The increase in the rate of pumping of inert gases and the elimination of argon instability during pump operation is ensured by the fact that due to the transparency of the anode, a part of the material sprayed from the cathodes, earlier in pumps with continuous anode falling on the anode and not participating in pumping inert gas, falls collector. Here, the part of ions that is drawn from the discharge is also collected. When striking the surface of the collector, ions sputter its material; however, with the proposed arrangement of pump cell elements, the spraying predominates over spraying, therefore the inner surface of the collector is the place of pure getter getter spraying.
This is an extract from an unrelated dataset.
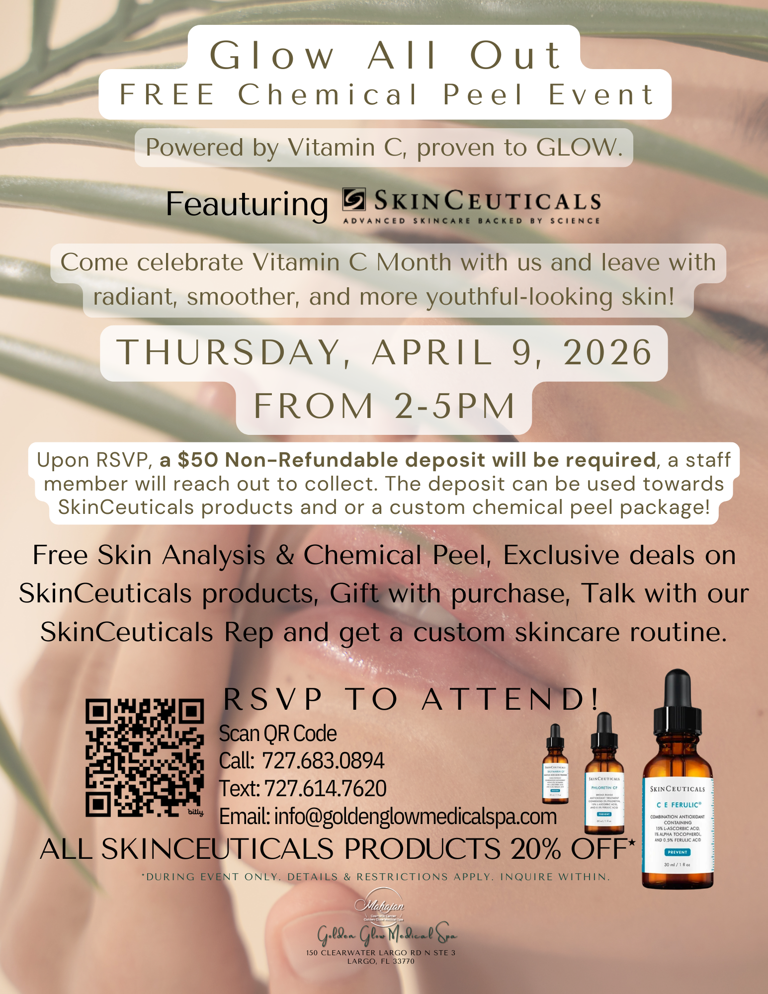 Upon RSVP, a $50 Non-Refundable deposit will be required, a staff member will reach out to collect. The deposit can be used towards SkinCeuticals products and or a custom chemical peel package!

When entering the collector, the ions are immured by the sprayed material, therefore, the internal surface of the collector forms additional gas pumping points, the rate of pumping of the inert gas increases, and the argon instability disappears when the pump is operating.
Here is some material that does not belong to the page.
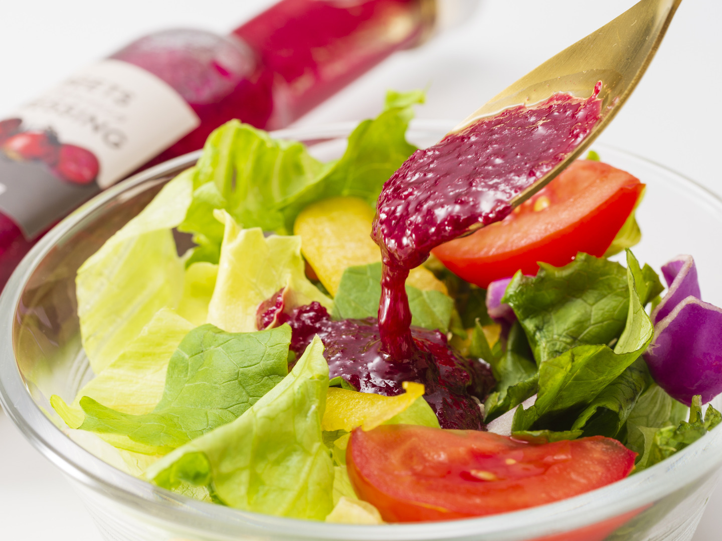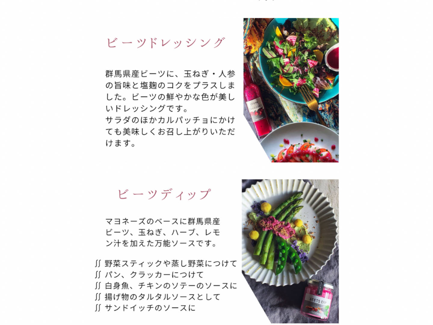 茹でたビーツに玉ねぎ、人参、塩麹を加えた色鮮やかなドレッシング。ビーツの鮮やかな色がサラダに彩りを加えてくれます。

1) the elements of the anode are made of compact sheet titanium with a thickness of 0.2 mm, they have the shape of a hollow cylinder with an outer diameter of 20 mm, a height of 7 mm and are placed at a distance of 6 mm from each other;

2) collectors are made of compact titanium with a thickness of 0.1 mm, they have the shape of a hollow cylinder with an outer diameter of 24 mm and a height of 10 mm;

0 3) the cathodes are made of compact sheet titanium with a thickness of 0.5 mm, they have the shape of a square with a side of 47 mm and rounded corners. The cathodes are located at a distance of 2 mm from the anode block. The elements of the anode block are connected with each other by U-shaped brackets, the collectors are fastened to each other and directly to the case, and the cathodes are attached to the case by means of spot welding.
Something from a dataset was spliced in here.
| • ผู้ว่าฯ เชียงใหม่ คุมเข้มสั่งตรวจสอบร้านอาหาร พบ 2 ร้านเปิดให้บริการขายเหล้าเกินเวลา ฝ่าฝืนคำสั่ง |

To determine the pumping speed of the pump, it is degassed at a temperature of 350-390 ° C and a vacuum of 10 10 torr in an exhaust pump with an oil diffusion pump without traps for 8 hours. Having established the pumping rate for nitrogen per cell at a magnetically magnetic field of 980 oersted and anode voltage of 5 kV is 0.25 l1 sec, the pumping rate for argon at

the same conditions, 12% of the pump’s pumping rate for nitrogen, while for a conventional flat cathode diode pump, the pumping rate of argon is 2–4% of the pumping rate for nitrogen. Argon instability in the pump operation is not observed when it pumps out pure argon at a pressure of 2 torr for 2 hours, while in a conventional pump under the same conditions argon instability occurs after 2 minutes

0 after turning on the pumps.

The pump of the proposed design is simple to manufacture, as it does not require the manufacture of complex configurations of pump elements,

5 for example, very narrow ribs on the cathodes (pumps with ribbed cathodes or some pumps of triode design). The service life of the pump is not reduced, a block designed for about, bottom voltage is required to power the pump. The pumping rate for nitrogen per unit magnetic flux of the proposed pump does not change as compared with a conventional flat cathode diode pump. However, with an increase in the number of cells, this speed will increase,

55 since, due to the gaps formed between the anode elements and the collectors, the possibility of accessing the pumped gas to the discharge areas separate from the entrance increases.

so that, in order to increase the speed of pumping out and / not of gas, each cell of the anode is made of two coaxial cylinders pushed against each other, and an electrode is installed around the gap between the cylinder and electrically connected to the cathode.